391 Knowest thou the time when the wild goats of the rock bring forth? dost thou mark the calving of the hinds? 2 Dost thou number the months that they fulfil? and knowest thou the time when they bring forth? 3 They bow themselves, they give birth to their young ones, they cast out their pains; 4 Their young ones become strong, they grow up in the open field, they go forth, and return not unto them. 5 Who hath sent out the wild ass free? and who hath loosed the bands of the onager, 6 Whose house I made the wilderness, and the salt plain his dwellings? 7 He laugheth at the tumult of the city, and heareth not the shouts of the driver; 8 The range of the mountains is his pasture, and he searcheth after every green thing. 9 Will the buffalo be willing to serve thee, or will he lodge by thy crib? 10 Canst thou bind the buffalo with his cord in the furrow? or will he harrow the valleys after thee? 11 Wilt thou put confidence in him, because his strength is great? and wilt thou leave thy labour to him? 12 Wilt thou trust him to bring home thy seed, and gather it into thy threshing-floor?

13 The wing of the ostrich beats joyously—But is it the stork's pinion and plumage? 14 For she leaveth her eggs to the earth, and warmeth them in the dust, 15 And forgetteth that the foot may crush them, or that the beast of the field may trample them. 16 She is hardened against her young ones, as though they were not hers; her labour is in vain, without her concern. 17 For +God hath deprived her of wisdom, and hath not furnished her with understanding. 18 What time she lasheth herself on high, she scorneth the horse and his rider.

19 Hast thou given strength to the horse? hast thou clothed his neck with the quivering mane? 20 Dost thou make him to leap as a locust? His majestic snorting is terrible. 21 He paweth in the valley, and rejoiceth in [his] strength; he goeth forth to meet the armed host. 22 He laugheth at fear, and is not affrighted; neither turneth he back from before the sword. 23 The quiver rattleth upon him, the glittering spear and the javelin. 24 He swalloweth the ground with fierceness and rage, and cannot contain himself at the sound of the trumpet:

Matthew Henry's Commentary on Job 39:1-24

Chapter Contents

God inquires of Job concerning several animals.

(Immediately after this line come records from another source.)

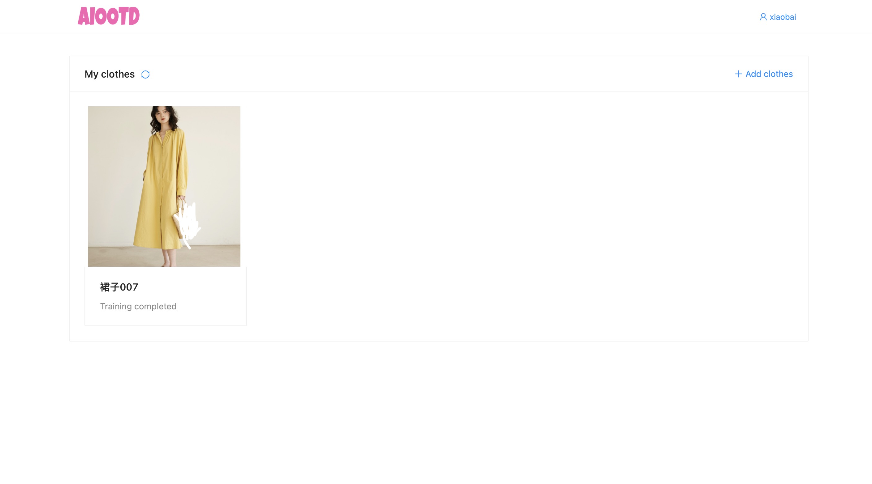 一个 AI 服装模型训练平台,传入几张衣服素材可以训练出一个 Lora 模型,模型可用于生成 AI 服装图片。
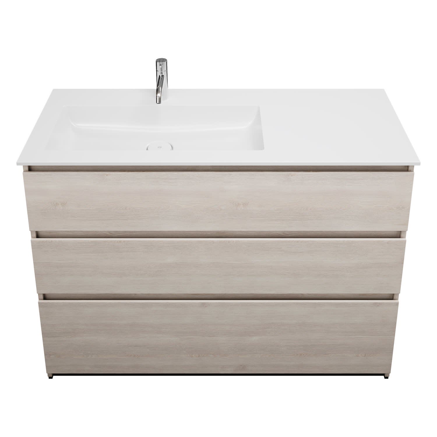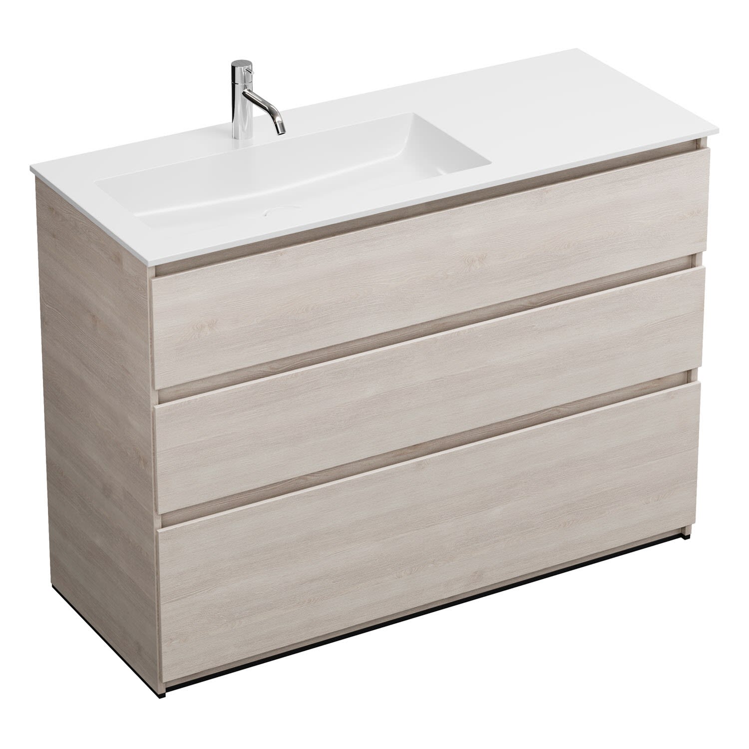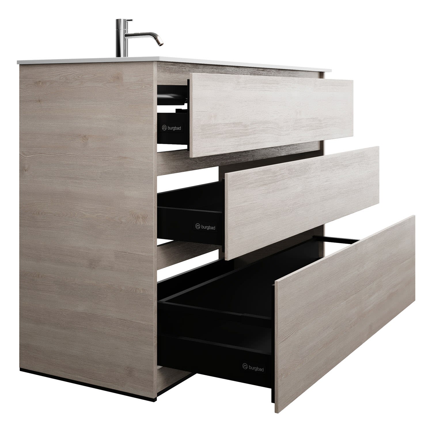 burgbad Lin20 Waschtischunterschrank mit Mineralguss-Waschtisch 122 cm, 3 Auszüge, links
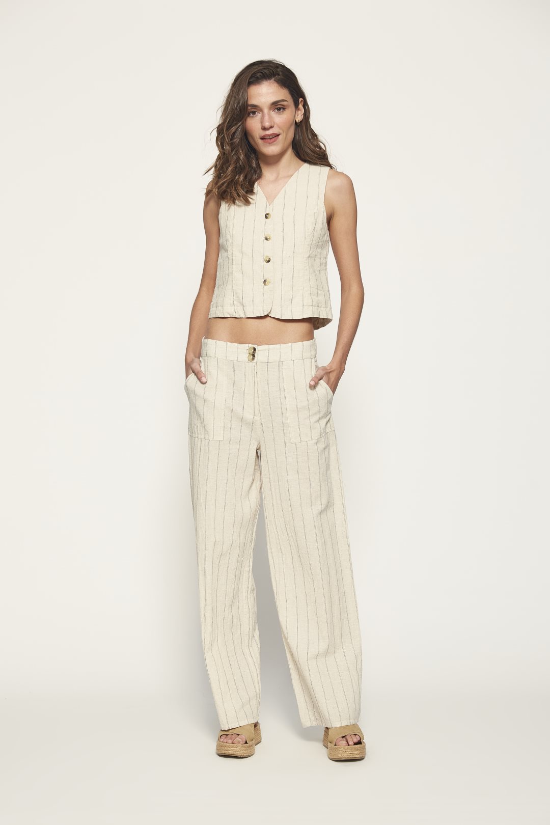 Este chaleco de rayas es una pieza imprescindible para tu colección de primavera-verano. Su escote en pico y el bajo redondeado crean una silueta favorecedora y elegante. Está confeccionado con una mezcla ligera y cómoda de lino y algodón, proporcionando frescura durante los días más cálidos. Su diseño atemporal y su versatilidad lo convierten en el complemento perfecto para cualquier conjunto, desde un look casual hasta uno más sofisticado. Ideal para disfrutar del estilo y la comodidad en cualquier ocasión.
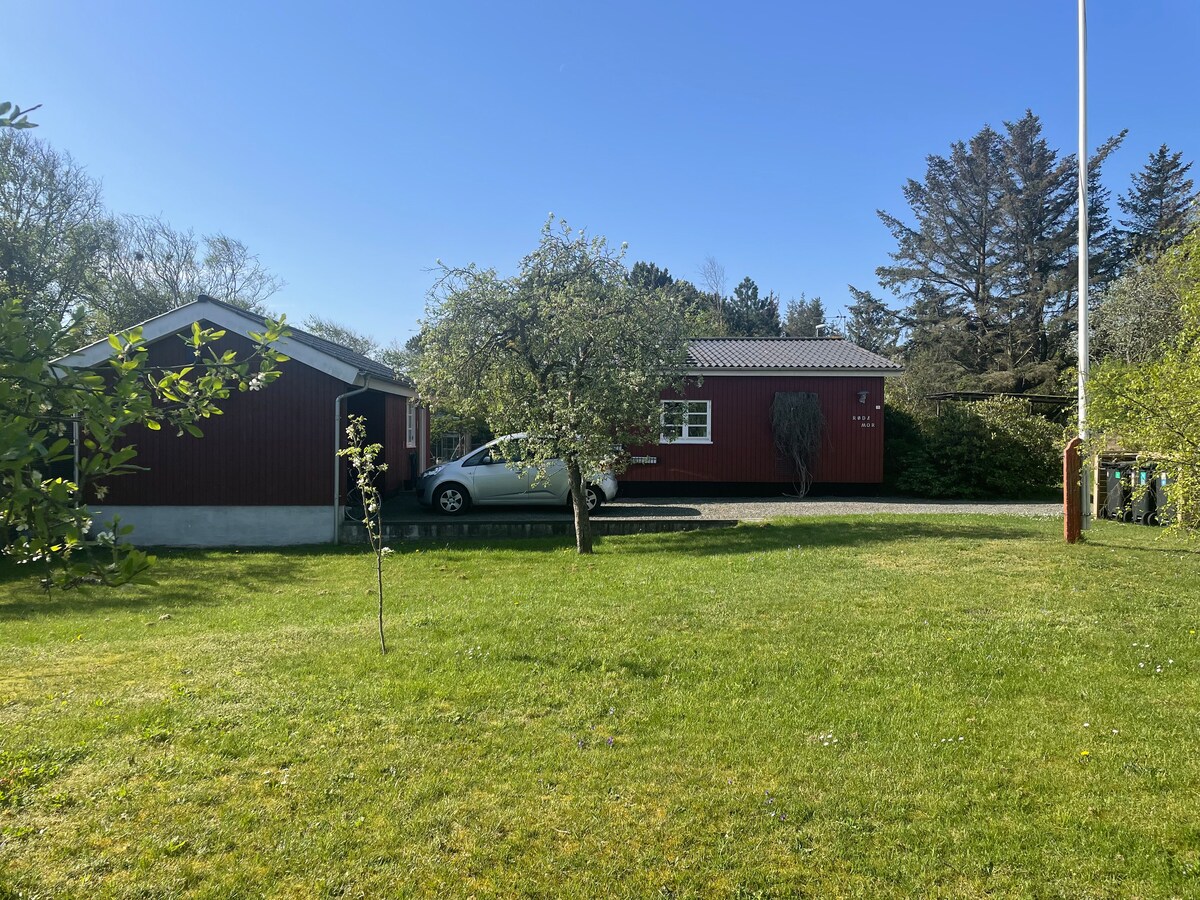 Bienvenido a nuestra encantadora casa en Bork Hytteby. La ropa de cama y las toallas, etc. están incluidas en el precio. La casa de verano tiene capacidad para 4 personas en 2 dormitorios. El patio está vallado. Está al lado del parque infantil y a solo 10 minutos a pie del puerto de Bork, donde hay tiendas. La zona ofrece Museo Vikingo Surf Pesca Legoland - 62 km Parque acuático Playa de Henne - 20 km El consumo de electricidad se cobra por separado (5,00 DKK/kWh) y se calcula a través del medidor de electricidad a la salida.
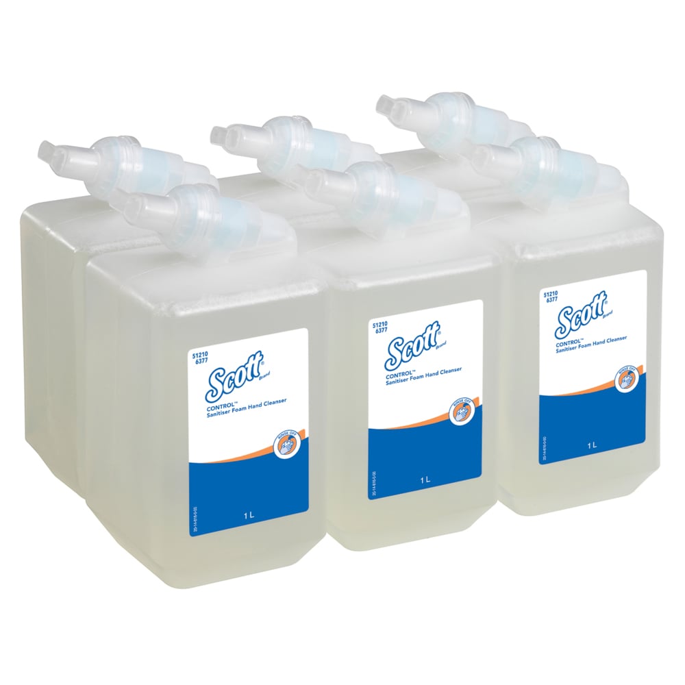 - Each refill of Scott® Control™ Sanitiser Foam Hand Cleanser contains one litre of clear, unscented foaming hand soap. Contains 0.1% Benzalkonium Chloride
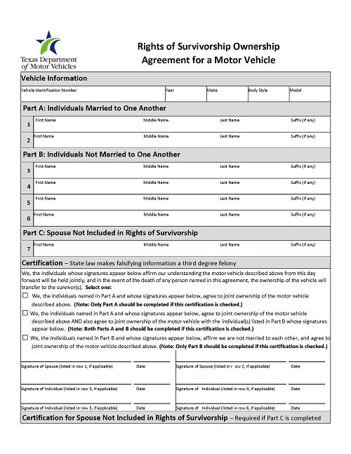 Texas Right of Survivorship Agreement For Motor Vehicle April 26, 2021Full resolution (500 × 647) ← Previous Next → Texas Right of Survivorship Agreement For Motor Vehicle Texas Right of Survivorship Agreement For Motor Vehicle
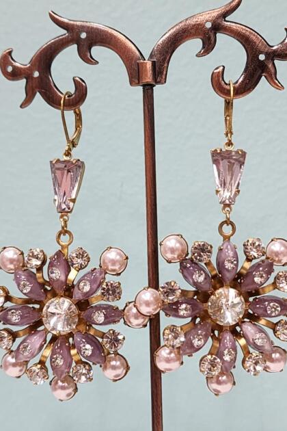 Pink and Purple Rhinestones and Pearls Teardrop Earrings
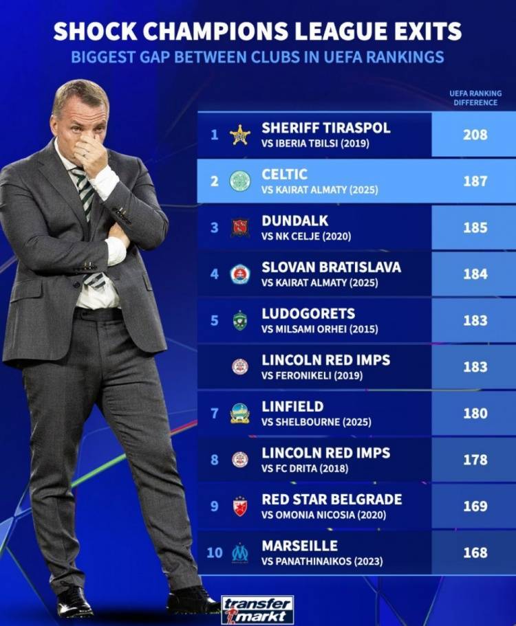直播吧8月28日讯 欧冠附加赛次回合,凯尔特人在点球大战中不敌阿拉木图凯拉特,目送对手队史首次闯进欧冠正赛。根据德国转会市场的统计,凯尔特人本次被淘汰是欧冠历史交锋两队欧足联积分差距第二大。

In these questions the Lord continued to humble Job. In this chapter several animals are spoken of, whose nature or situation particularly show the power, wisdom, and manifold works of God. The wild ass. It is better to labour and be good for something, than to ramble and be good for nothing. From the untameableness of this and other creatures, we may see, how unfit we are to give law to Providence, who cannot give law even to a wild ass's colt. The unicorn, a strong, stately, proud creature. He is able to serve, but not willing; and God challenges Job to force him to it. It is a great mercy if, where God gives strength for service, he gives a heart; it is what we should pray for, and reason ourselves into, which the brutes cannot do. Those gifts are not always the most valuable that make the finest show. Who would not rather have the voice of the nightingale, than the tail of the peacock; the eye of the eagle and her soaring wing, and the natural affection of the stork, than the beautiful feathers of the ostrich, which can never rise above the earth, and is without natural affection? The description of the war-horse helps to explain the character of presumptuous sinners. Every one turneth to his course, as the horse rushes into the battle. When a man's heart is fully set in him to do evil, and he is carried on in a wicked way, by the violence of his appetites and passions, there is no making him fear the wrath of God, and the fatal consequences of sin. Secure sinners think themselves as safe in their sins as the eagle in her nest on high, in the clefts of the rocks; but I will bring thee down from thence, saith the Lord, Jeremiah 49:16. All these beautiful references to the works of nature, should teach us a right view of the riches of the wisdom of Him who made and sustains all things. The want of right views concerning the wisdom of God, which is ever present in all things, led Job to think and speak unworthily of Providence.